Ей и не понравилось: «Нет!.. Черт возьми, Елена, это несправедливо по отношению ко мне! Мы же здесь все тянем одну лямку, не будь такой эгоисткой!»

«Прости, но мне надо…»

«Ты должна выполнить контракт, который мы подписали с университетом! Что такого важного, что это не может подождать лишнюю неделю? Еще одна семейная перестрелка?»

В тот же миг Ян оказался перед Корой, его хрупкое тело было каким-то угрожающим: «Кора заткнись!» – сказал он. Еще один американизм, несмотря ни на что, заставил меня моргнуть.

Кора сделала шаг назад, нахмурилась, но сумела, напрягаясь выдавить: «Извини». И вот в такой атмосфере мы и начали работать.

Я спешу домой из Ньиве Керка, Виллем занимает мой разум. Отец ожидает перед домом, хмурится: «Где ты была?»

Я не отвечаю, но, когда я снимаю плащ и передаю его Джозьфьену, он смотрит на крошечный золотой крестик, который теперь я ношу на цепочке.

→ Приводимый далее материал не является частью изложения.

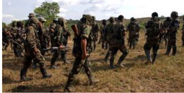
Figura 1. Reintegración Comunitaria.

La reintegración comunitaria depende del apoyo que reciben los reinsertados de sus familias y comunidades. Comúnmente, estas personas reinsertadas “regresan a entornos sociales extremadamente difíciles, en los que es muy probable que los vean como una carga adicional para la comunidad” (Caramés, S.F.). Es por esto que la ACR busca llegar a más municipios del país con estas actividades de reintegración con enfoque comunitario, para reducir estos estigmas hacia estos grupos al margen de la ley y llegar a una construcción de paz.
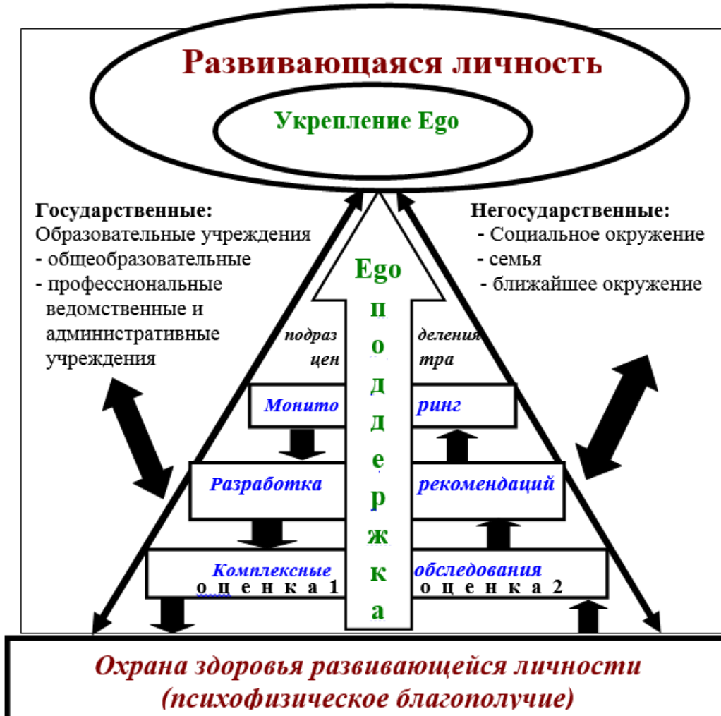
Рис. 2. Теоретическая модель психологической профилактики наркопотребления развивающейся личности в условиях центра психолого-педагогической помощи

организаций, движений, родительской общественности и других лиц, а также работа с ними, направленная на постоянное взаимодействие в интересах повышения эффективности проводимых мероприятий.
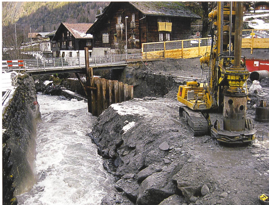
Baugrube «Wehröffnung links»: Vorbohren im grobblockigen Flussgrund für das Einvibrieren der Spundbohlen.

Die aktuelle konzessionierte Staukote beim Wehr wird auch inskünftig be- behalten. Die Entnahmemengen bleibt mit 6 m 3 /s ebenfalls unverändert. Das neue Wehr erlaubt die gefahrlose Abfuhr eines 1000-jährlichen Hochwas- sers – entsprechend rund 160 m 3 /s – selbst wenn nur eine Wehröffnung in Be- trieb ist.

«Опять в церкви? Домхейд. Ваанвурстеллинген. Они кормят тебя ложью: зиелен, энгелен. (голланд.) В тебе нет никакого зиелена, дочь моя. Мир является таким, каким ты его видишь и каким я вижу его через линзу. Все остальное – сказки и россказни».

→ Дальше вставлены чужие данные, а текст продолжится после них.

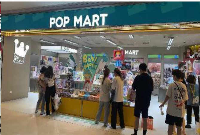
แบบเต็มถุงเลย

*กรณีที่ไม่สามารถเดินทางไป ถนนคนเดินหวงซิงลู่ ได้ เนื่องจากตลาดปิด จราจรติดขัดรถหนาแน่น หรือเหตุฉุกเฉินใดๆ ก็ตาม ทางบริษัทฯ ขอสงวนสิทธิ์เปลี่ยนนำทุกท่านไป ละลายเงินหยวนช้อปปิ้งที่ OUTLET BAILIAN OUTLET สวรรค์สำหรับนักช้อปปิ้งตัวยงมีของหลากหลายเช่น เสื้อผ้า รองเท้า กระเป๋า สินค้าแฟชั่นต่างๆ จากแบรนด์ชั้นนำ ของดีราคาสบายกระเป๋า ประหยัดได้สูงสุด 30 – 70% เลยก็ว่าได้ แทนโดยไม่แจ้งให้ทราบล่วงหน้าทุกกรณี
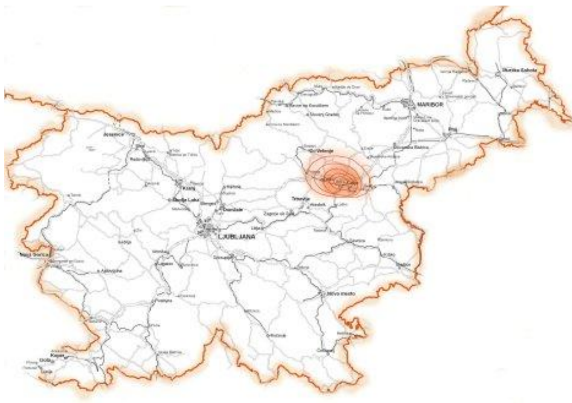
Slika 7: Radio Celje na frekvenci 100.3 MHz

Я в замешательстве. Он говорит со мной с добротой, с… нет, не с пониманием, с какой-то другой интонацией, может с жалостью?

Я еще в большем замешательстве, когда он, взяв меня за руку, повел в мастерскую мимо Джозьфьена, смотревшего нам вслед с отрытым ртом.

Отец протягивает мне микроскоп: «Взгляни, что я обнаружил, Мария. Мы обязаны это записать».

Я смотрю через линзу микроскопа. Головастики с длинными тонкими хвостами плавают как угри, но они слишком малы, чтобы быть головастиками: «Что они такое?»

Отец кажется смущен, что еще больше сбивает меня с толку: «Они от моего … это мое семя. Это откуда приходит жизнь. В каждой из этих зверюшек, содержится все необходимое, для формирования ребенка».

«И мамы?»

«Он лишь приютила в себе, ребенка для развития, – а затем, когда Джозьфьен принес поднос с сыром, элем и ароматным свежим хлебом для ужина отца, он причудливо добавил: – Мама сама испекла ребенка. Она сама как печка».

Его голос меняется: «Ты должна приступить к работе. Поскольку ты здесь отсутствовала, чтобы делать заметки, мне пришлось самому написать письмо в Королевское общество. Теперь сделай пожалуйста копию».

Виллем. Виллем. Виллем…

Я сижу за столом, подтягиваю к себе письмо отца, написанное им темно-коричневыми чернилами и начинаю копировать его в книгу.

– Ее книга записей включает копии его писем! – воскликнул Ян, прежде чем я что-то смогла сказать, – этот факт никогда не был известен!

– Что значит зиелен? – спросила я, – душа, Левенгук говорил о душе?

– Только для того, чтобы сказать Марии, что это сказка? А энгелен, это ангелы? Он говорил, что это тоже сказка? – продолжала я свои расспросы.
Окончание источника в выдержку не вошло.